Several joins in Spark SQL

Source: Internet
Author: User

1. Small Table pair large table (broadcast join)

Distributes data from small tables to each node for use by large tables. Executor stores all the data for a small table, sacrificing space for a certain amount of time, in exchange for shuffle operations, which is called broadcast Join in Sparksql.

The conditions for broadcast join are as follows:

* The broadcast table needs to be less than the value configured by Spark.sql.autoBroadcastJoinThreshold, which defaults to 10M (or hint with broadcast join)

* The base table cannot be broadcast, such as a left outer join, only the right table can be broadcast

2.Shuffle Hash Join

Because the broadcast table is first collect to the driver segment and then distributed redundantly to each executor, when the table is larger, the use of the broadcast join can cause greater pressure on the driver and executor ends.

Spark can divide large quantities of data into small, n-smaller datasets for parallel computation in the form of partitioning.

By using the same principle of the same inevitable partitioning of key, Sparksql divides the joins of the larger table into n partitions, and then hashes the data corresponding to the partitions in two tables.

This reduces the pressure on the driver broadcast side table to some extent, and also reduces the memory consumption of the executor end to the entire broadcast table.

*shuffle Hash join is divided into two steps:

The two tables are re-partitioned by the join keys, that is, shuffle, to allow records with the same join keys value to be divided into corresponding partitions

Joins the data in the corresponding partition, where the small table partition is constructed as a hash table and then matched according to the join keys value recorded in the large table partition

The *shuffle Hash join has the following conditions:

The average size of the partition does not exceed the value configured by Spark.sql.autoBroadcastJoinThreshold, which is 10M by default

When a base table cannot be broadcast, such as a left outer join, only the right table can be broadcast

One side of the table to be significantly smaller than the other side, the small side will be broadcast (significantly less than the definition is 3 times times smaller, here is the experience)

3. Large table to large table (Sort Merge Join)

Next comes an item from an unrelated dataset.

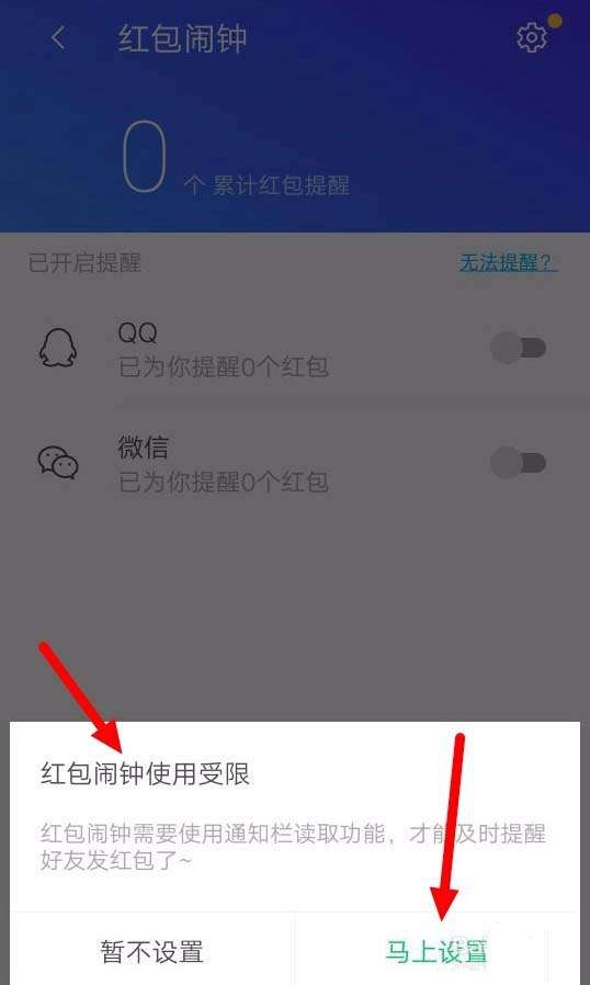 3、系统会提示你红包闹钟功能受限,选择马上去设置。

The two tables were re-shuffle by the join keys to ensure that records with the same join keys value were divided into the corresponding partitions. After partitioning, the data within each partition is sorted, sorted, and then connected to the records in the corresponding partition

Because two sequences are ordered, traverse from the beginning, hit the same key on the output, if different, the left side of the small continue to take the left, and vice versa to the right (that is, to get lost)

Several joins in Spark SQL

Contact Us

The content source of this page is from Internet, which doesn't represent Alibaba Cloud's opinion; products and services mentioned on that page don't have any relationship with Alibaba Cloud. If the content of the page makes you feel confusing, please write us an email, we will handle the problem within 5 days after receiving your email.

If you find any instances of plagiarism from the community, please send an email to: info-contact@alibabacloud.com and provide relevant evidence. A staff member will contact you within 5 working days.

A Free Trial That Lets You Build Big!

Start building with 50+ products and up to 12 months usage for Elastic Compute Service

  • Sales Support

    1 on 1 presale consultation

  • After-Sales Support

    24/7 Technical Support 6 Free Tickets per Quarter Faster Response

  • Alibaba Cloud offers highly flexible support services tailored to meet your exact needs.